Thompson’s life was in a downward spiral as long as he was focussed inward, his soul marinating in his own depression, his brain numbed by drugs, his eyes unable to look out at the real world.

Call me crazy, but I think that’s why Jesus ascended to heaven. I mean, he didn’t have to. Jesus is God, and God is everywhere, so to get to heaven he didn’t have to ascend anyplace. So why did he have this dramatic ascension in front of his apostles? I think that the reason Jesus had them watch him ascend into heaven was for precisely that reason: he wanted to make them LOOK UP. They’d been walking around their whole lives looking down, looking at their own little world with their own private worries, and Jesus tried to tell them for years, Hey, people, look up! There is a heaven up there with many mansions and you are going to go there! But they didn’t listen and kept looking down.

You know, I’ll bet that the same is true of most people today. The entire universe for some people is a sphere only a few feet in diameter, with themselves at its center. That’s true for tiny children, of course; we expect that. But as children grow up, their universe expands, as they begin to include other people, then the entire family, then their friends, then their neighborhood. Some people even reach a level of social maturity high enough to expand their mental horizon to include all of California, or even the entire United States. A blessed few can even manage to consider the entire world as their world. Imagine that! What a concept.

Today on the feast of the Ascension we are being invited to go beyond even that. Right now, go ahead: Look up! No, not at me; look UP! What do you see? A lot of hot air? Then you’re still looking at me. Look up! Yes; now look higher; what do you see? A ceiling? Look higher! What’s above the ceiling? More air? What’s above that? The blue sky? The ozone layer? The cold blackness of outer space? The moon? The sun and the planets? The stars in our galaxy? Other galaxies and superclusters? The red-shifted edge of the visible universe? Heaven?

When was the last time you stretched your mind that far? Doesn’t it feel good? It’s good exercise for the mind and soul.

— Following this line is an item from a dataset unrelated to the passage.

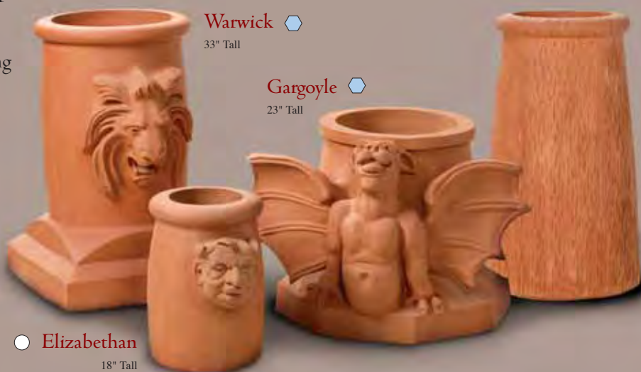
Elizabethan 18" Tall

They always tell us that we should stop and smell the roses. Good advice, I suppose, but in order to do that you have to look down. Today I offer you this simple thought: now and then stop and look up. Not while you’re driving or walking down stairs, of course! But once in a while, when it’s safe to do so, stop, look up, look beyond this passing world, and ponder the immensity of the world without end. Amen.